My gripes certainly include Michael Moore. Moore is, to my mind, a propagandist of the first order, not to mention an egotist. As I see it, he has made a career (and multiple millions) from hijacking the Left and making it his own – not to mention attaining a notoriety that has guaranteed him a place in the public spotlight that I suspect he has always coveted.

Don’t get me wrong – he’s the goods as a documentary filmmaker. Clever, funny, entertaining, confrontational, adept at hitting emotional triggers in his audience. But he’s less than honest in that, like any propagandist, left or right, he wilfully misrepresents the facts in the service of pushing his causes and demonising his enemies, while posturing as a noble and courageous warrior for Truth. His primary agenda is to persuade, not to illuminate (and, methinks, to promote himself as much as his ideological causes). A bit like a lawyer, really – but the propagandist operates on a much grander scale, and is thus a far more potent creature.

You’ll be unsurprised to learn, then, that I attended Moore’s latest work, Capitalism – A Love Story, with a less than open mind.

Luna Cinema’s Tony Bective observed in his pre-screening address that “love him or loathe him, Moore is important because he makes us think.” He added that while Moore tends to polarise people, Capitalism – A Love Story has received accolades from both the left and right. Hmmm. OK. Get the lights down. Let’s see what ya got for us this time, fat boy.

And what did he have? A magnificent slashed canvas of a film, simmering with lethally contained outrage at the banks and Wall Street and the fat cats of corporate America who have wrecked the American Dream (and raped the world economy) on the rocks of their avarice and greed. Moore’s thesis (and the case he puts in this film is compelling) is that this Dream that America was founded on – that anyone, of any ethnicity, from any background, has an equal opportunity to succeed through enterprise and hard work – is a ruse.

He shows example after example of hard-working people, little folk who followed the carrot of the American Dream every inch of the way, only to end in ruin, homeless, chewed up and spat out by an inhumane system that works for the rich and hoodwinks the poor into allowing themselves to be unmercifully exploited.

He shows the vultures that profit from foreclosures, buying up cheap when the banks toss the victims of their sub-prime lending scams out into the streets, forcing them to sell their modest homes at life-destroying losses.

He tears the covers back from the inner sanctums of Congress, revealing corruption at the highest levels in recent Republican (Bush) and Democrat (Clinton) governments, both of which were infiltrated by Goldman Sachs at the highest administrative levels.

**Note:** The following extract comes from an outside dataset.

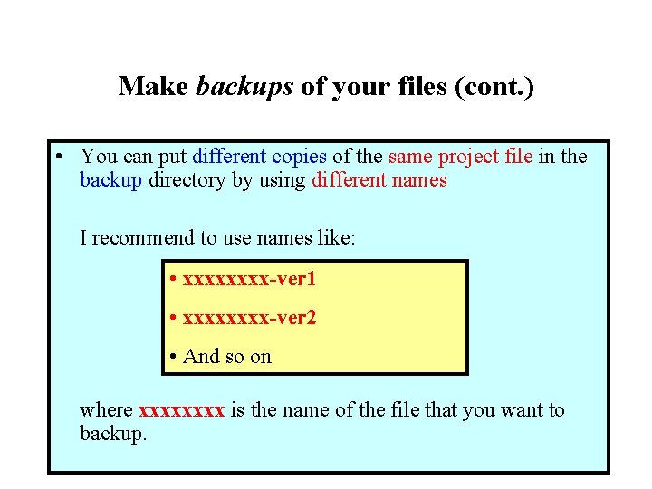 Make backups of your files (cont. ) • You can put different copies of the same project file in the backup directory by using different names I recommend to use names like: • xxxx-ver 1 • xxxx-ver 2 • And so on where xxxx is the name of the file that you want to backup.
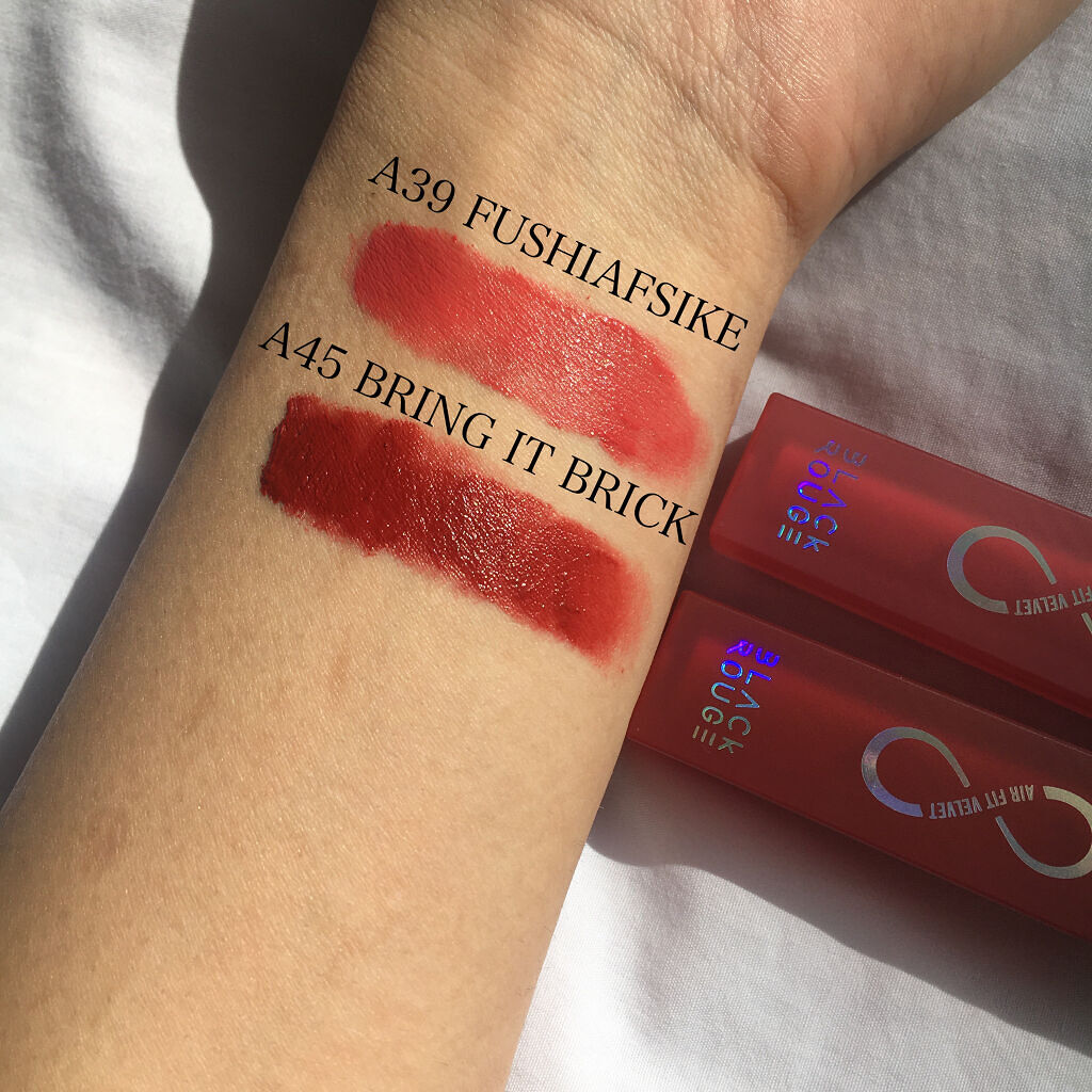 【ブランド】BLACKROUGE【シリーズ】エアフィットベルベットティント【カラー】A45【質感】セミマット【色味】オレンジがかかった明るいレッドこのシリーズはBLACKROUGEの他のベルベットティントシリーズより、少しサラサラ感があり、ま...

He interviews Wall Street wizzbangaloids (my neologism – if you have a better word, lemme know), seeking a clear explanation of the working of the derivatives that detonated the Global Financial Crisis. It’s wryly amusing to watch these bozos stammer and stutter as they demonstrate that even they don’t understand what they were dealing with. Less amusing to consider the repercussions.

He rails against the hypocrisy of the banks and corporate giants who espoused a hard-line laissez-faire system of sink or swim…until they were sinking, whereupon they squealed for the State to bale them out with taxpayers’ money – none of which went to their victims, all of which went back into the corporate machine and the fat cats whose greed, recklessness and incompetence caused the catastrophe in the first place.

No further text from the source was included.